= WHAT TO PRODUCE =
Give back the lines of the entries below exactly as written, from the first line to the line holding "klassischem Handwerk verbindet.", both included, with the pictures omitted.

= SUPPLIED MATERIAL =
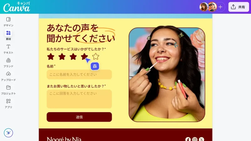- フォーム:Canva上で出欠確認やアンケートを作成し、回答結果を自動で「Canvaシート」に反映。ブランドデザインに合わせたフォーム作成が可能。
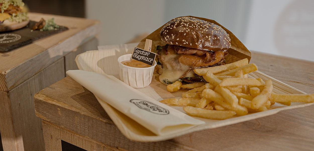 "Der falsche Smash" kombiniert den glänzenden Sesam-Laugen-Bun von Schulstad Bakery Solutions mit einem saftigen Rindfleisch-Patty, frischem Rucola, knusprigem Bacon von Danish Crown und einem smashed Camembert mit flüssigem Kern – abgerundet durch ein hausgemachtes Zwiebelchutney. Eine kreative Komposition, die moderne Gastronomie mit klassischem Handwerk verbindet.
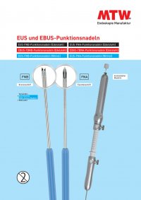 detaillierte Information EUS und EBUS-Punktionsnadeln EUS-FNB-Punktionsnadeln (Edelstahl) EUS-FNA-Punktionsnadeln (Edelstahl) EBUS-TBNB-Punktionsnadeln (Edelstahl) EBUS-TBNA-Punktionsnadeln (Edelstahl) EUS-FNB-Punktionsnadeln (Nitinol) EUS-FNA-Punktionsnadeln (Nitinol) • optimale Sicht der Kanüle durch „Lochstruktur“ unterhalb der Nadelspitze • knickstabiler Nitinol-Mandrin • leichtgängiger, knickstabiler Kunststoff-Einführtubus • hochflexbile knickstabile Varianten: Edelstahl & 100% Nitinol Nadeln Bestell-Nr. Artikel Beschreibung Schliff Nadel Ø Gauge Nadel mm Ø mm Länge mm VE UN-A-19-11-80-16-1375 FNA Edelstahl EUS FNA Edelstahl EUS UN-B-22-07-80-16-1375 FNB Edelstahl EUS UN-A-22-07-80-16-1375 Facettenschliff Facettenschliff Kronenschliff S U P M Y L O M L I F I J U F X A T N E P UN-D-22-07-80-16-1375 FNB Nitinol EUS UN-C-22-07-80-16-1375 FNA Nitinol EUS Kronenschliff Facettenschliff S U P M Y L O M L I F I J U F UN-A-19-11-50-16-715 UN-A-22-07-50-16-715 UN-B-22-07-50-16-715 EBUS-TBNA, Edelstahl Facettenschliff EBUS-TBNA, Edelstahl Facettenschliff EBUS-TBNB, Edelstahl Kronenschliff X A T N E P UN-A-22-07-50-16-670 UN-A-19-11-50-16-670 UN-B-22-07-50-16-670 EBUS-TBNA, Edelstahl Facettenschliff EBUS-TBNA, Edelstahl Facettenschliff EBUS-TBNB, Edelstahl Kronenschliff Technische Änderungen und Bildabweichungen vorbehalten. TW-Endoskopie W. Haag KG I Goldsbergstraße 18 I D-46487 Wesel Tel +49 2803 9120-0 I info@mtw-endoskopie.com I www.mtw-endoskopie.com 19 22 22 22 22 19 22 22 22 19 22 1,1 0,7 0,7 0,7 0,7 1,1 0,7 0,7 0,7 1,1 0,7 1,6 1,6 1,6 1,6 1,6 1,6 1,6 1,6 1,6 1,6 1,6 1375 1375 1375 1375 1375 715 715 715 670 670 670 1 1 1 1 1 1 1 1 1 1 1 E D 5 2 0 2 . 1 1 / 1 7 1 2 : . r N - . g e R
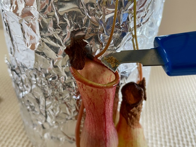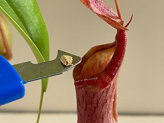 ちなみに、一般的には「食虫植物にエサは与える必要はないし、下手にエサを与えると捕虫葉が枯れる場合がある」というのがセオリー(定石)です。
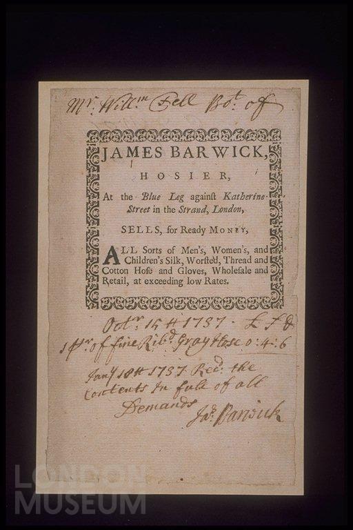 Letterpress trade card publicising the business of the hosier James Barwick, located at the sign of the Blue Leg 'against Katherine Street' in the Strand. The trade card notes that James Barwick sells 'for ready money' all sorts of mens womens and childrens silk, worsted, thread and cotton hose and gloves wholesale & retail. The trade card also includes a handwritten invoice dated 15th October 1737 referring to the supply of a pair of fine ribbed grey hose.
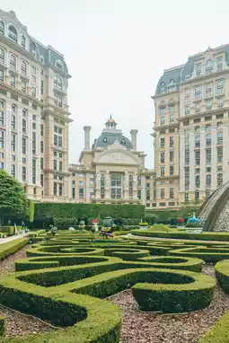 2️⃣: You can climb up to the Grand Lisboa Palace Pavilion behind the dome sculpture for a bird's-eye view of the entire garden and the East-meets-West architecture (as shown)
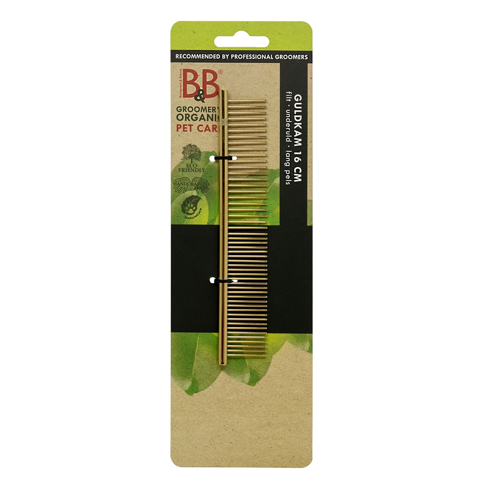 Denne guldkam fra B&B er solid og holdbar med afrundede tænder, der glider nænsomt gennem pelsen uden at irritere hud eller hår. Den opdager små filtre og løse hår, som karte eller børste måske har overset, og efterlader pelsen glat og velplejet.
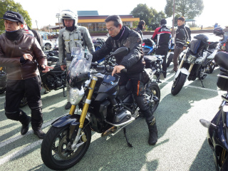 3.阪和道 紀ノ川SA AM9:20 早速のいぬやんコーナー。R1200Rは水冷の最新モデルでエンジンが大きく見える。本人曰く「このBMWはとっても優しいマシン」とのこと。 |
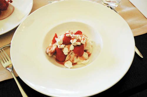 Переложить десерт в блюдо и украсить оставшейся нарезанной клубникой.
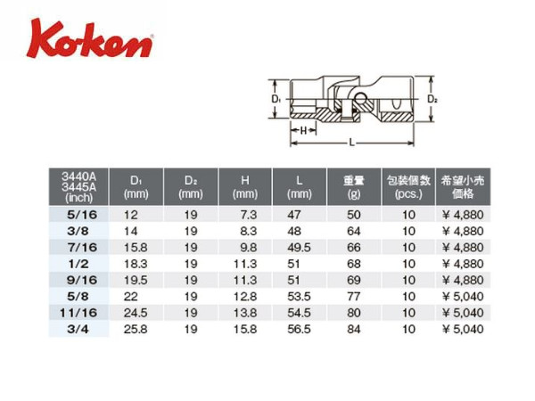 Ko-ken(コーケン/山下工業研究所)3/8”ユニバーサルソケット(インチ)【5/16”〜5/8” ばら売り】
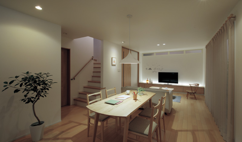 明るすぎず暗すぎないバランスの良い光で、ダイニングなど団らんの場に適しています。
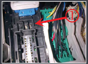 Step 2: Connect the harness to the MIDBEC (X61A), which is located under the instrument panel to the left of the steering column. The harness connection point (1) is shown in the illustration below.
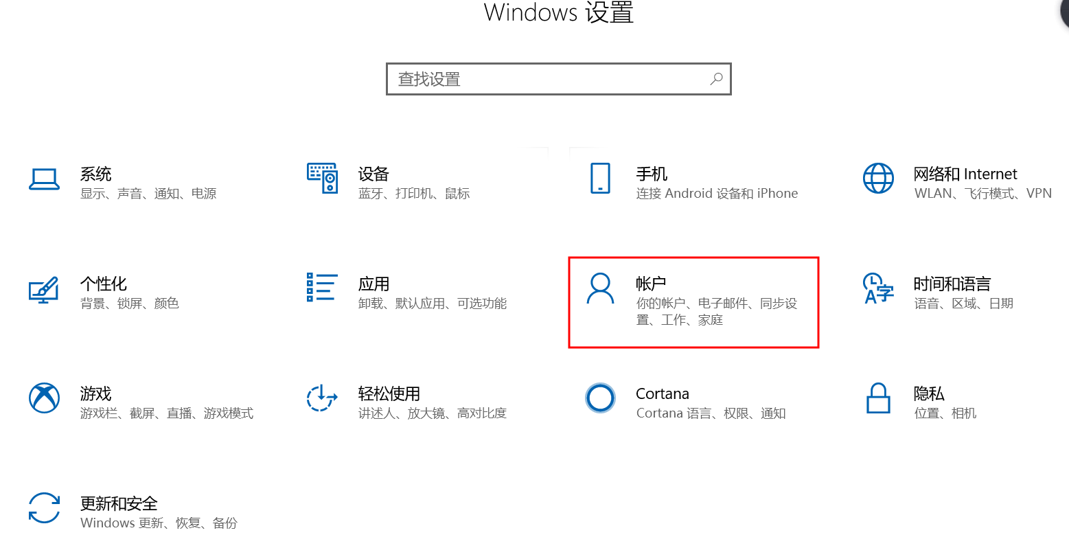 ②在设置选择中点击“帐户”
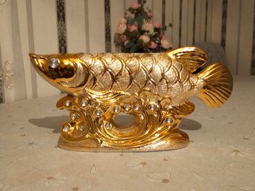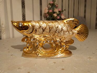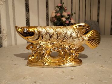 Qızılı Arowana balığı fiquru – dekorativ heykəl - Material: parıltılı qızılı rəngli kompozit/metal ərintisi (parlaq xrom detal və qırmızı göz aksentləri) - Dizayn: pulcuqlar sikkə motivləri ilə iş...Giriş•Qeydiyyat

= ANSWER SPACE =
- フォーム:Canva上で出欠確認やアンケートを作成し、回答結果を自動で「Canvaシート」に反映。ブランドデザインに合わせたフォーム作成が可能。
 "Der falsche Smash" kombiniert den glänzenden Sesam-Laugen-Bun von Schulstad Bakery Solutions mit einem saftigen Rindfleisch-Patty, frischem Rucola, knusprigem Bacon von Danish Crown und einem smashed Camembert mit flüssigem Kern – abgerundet durch ein hausgemachtes Zwiebelchutney. Eine kreative Komposition, die moderne Gastronomie mit klassischem Handwerk verbindet.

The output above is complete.